On the Estate of Hagnias

Isaeus

Isaeus. Forster, Edward Seymour, translator. Cambridge, MA: Harvard University Press; London: William Heinemann Ltd., 1927 (1962 printing).

But, it may be asked, how are you to know that I possess the rights of a next-of-kin, while the children of the other cousins, including this child, did not possess them? The law itself will make this clear. It is universally admitted that the rights as next-of-kin belong to cousins on the father's side, including their children, but the point which we have now to examine whether the law grants these rights to our children also. Take, therefore, the law and read it to the court.

Law [If there is no relative on the father's side as far as the degree of the children of cousins, then the right of inheritance passes to the mother's side in the same order of succession.]
[*](This is the only law which is quoted in the manuscripts of Isaeus; it has probably been invented on the basis of the following section.)

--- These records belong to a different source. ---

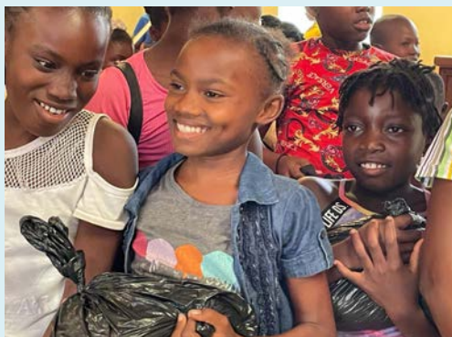
All smiles taking home rice & beans
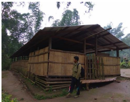
The bamboo building has woven bamboo walls and a zinc roof. It is in dire need of replacement
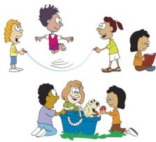
Activities Bowling March 20,

Mark you, gentlemen, the legislator did not say that, in default of heirs on the father's side up to the degree of cousin's children, the rights descend to the latter's children; no, in default of us[*](i.e., on the failure of the children of cousins on the male side.), he gives the inheritance to the relatives of the deceased on his mother's side, namely, to brothers and sisters and their children, and so on, in the same order as was laid down before. But he has placed our children outside the right of succession. How, then, can those to whom, even if I were dead, the law does not award Hagnias's estate, imagine that, while I am alive and have a legal right to the property, they themselves can have any title as next-of-kin? Their claim is quite preposterous.